EXERCISE DIRECTIONS:
Exactly the lines from the one containing "La obra L’oiseau" through the end of the records must be reproduced; leave out all pictures.

····················

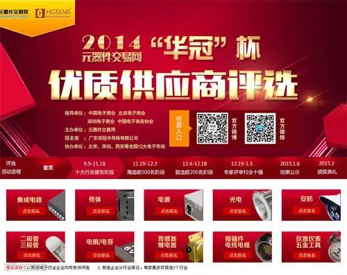 本届优质供应商评选候选的十大行业依然为:集成电路、二/三极管、电阻/容、光电、电源、壳体、安防、接插件/电线电缆、传感器/继电器、仪器仪表与电子工具。
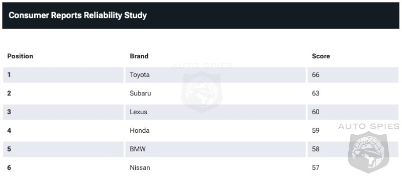 At the top of the pile, Toyota grabbed first place with Subaru second and Lexus third. Honda and BMW rounded out the top five. Consumer Reports based the study on survey data covering about 380,000 vehicles, so this is the kind of league table that has credibility, and isn’t just the result of an angry guy yelling into a forum thread about his rogue SUV.
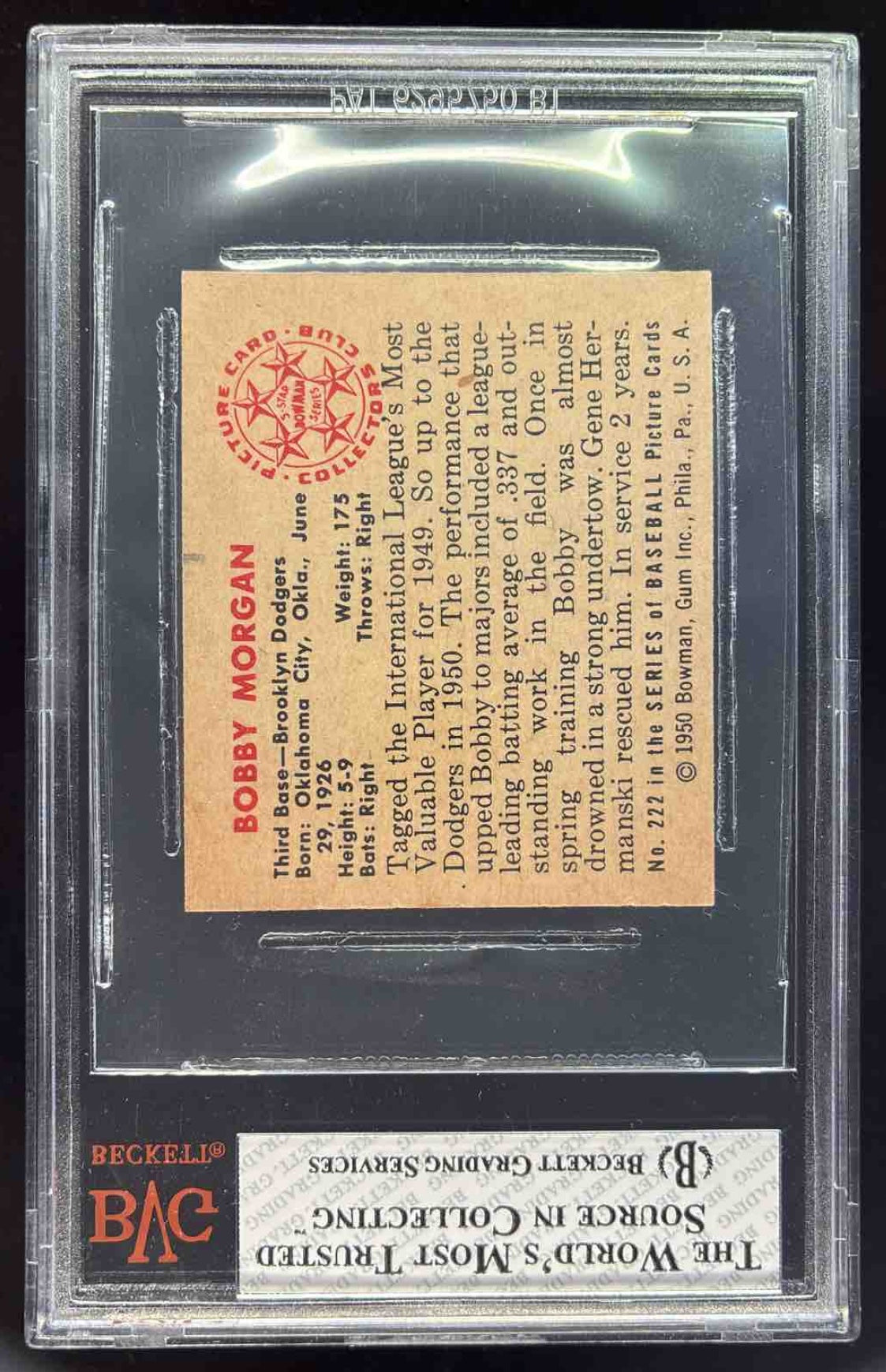 1950 Bowman #222a Bobby Morgan RC BGS 8
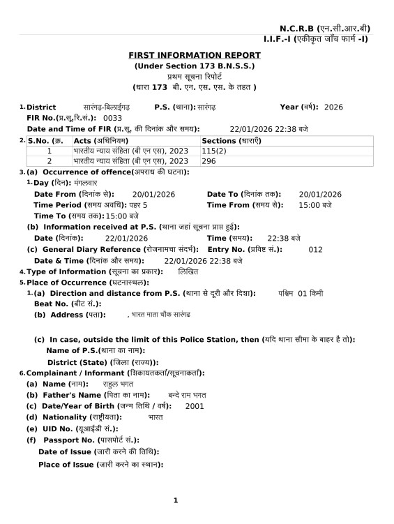 आरोपियो को अपराध क्रमांक 209/25 धारा 333, 296, 115 (2), 351(2), 3(5) पंजीबद्ध कर माननीय न्यायलय मे पेश किया गया जहा से उनको जेल दाखिल करा दिया।
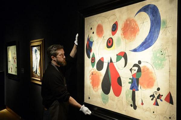 La obra L’oiseau au plumage deploye vole vers l’arbre argentee, del artista español Joan Miró, en la casa de subastas Christie’s, en Londres. (Foto Prensa Libre: EFE)
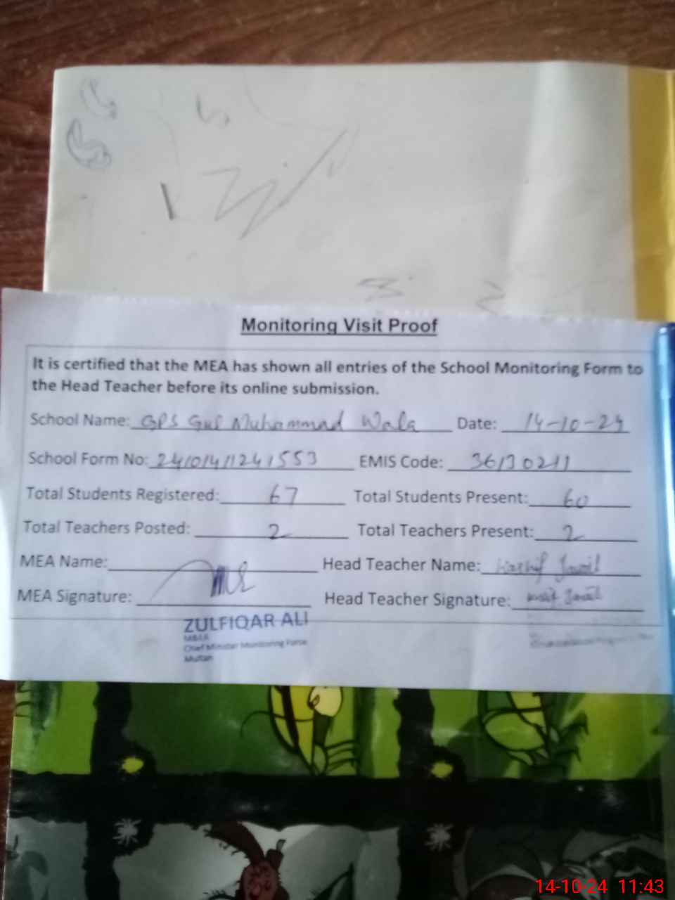 | EMIS Code: 36130211 | Name of School: GPS GUL MUHAMMAD WALA MULTAN | |||

····················

RESULT OF THIS EXERCISE:
 La obra L’oiseau au plumage deploye vole vers l’arbre argentee, del artista español Joan Miró, en la casa de subastas Christie’s, en Londres. (Foto Prensa Libre: EFE)
 | EMIS Code: 36130211 | Name of School: GPS GUL MUHAMMAD WALA MULTAN | |||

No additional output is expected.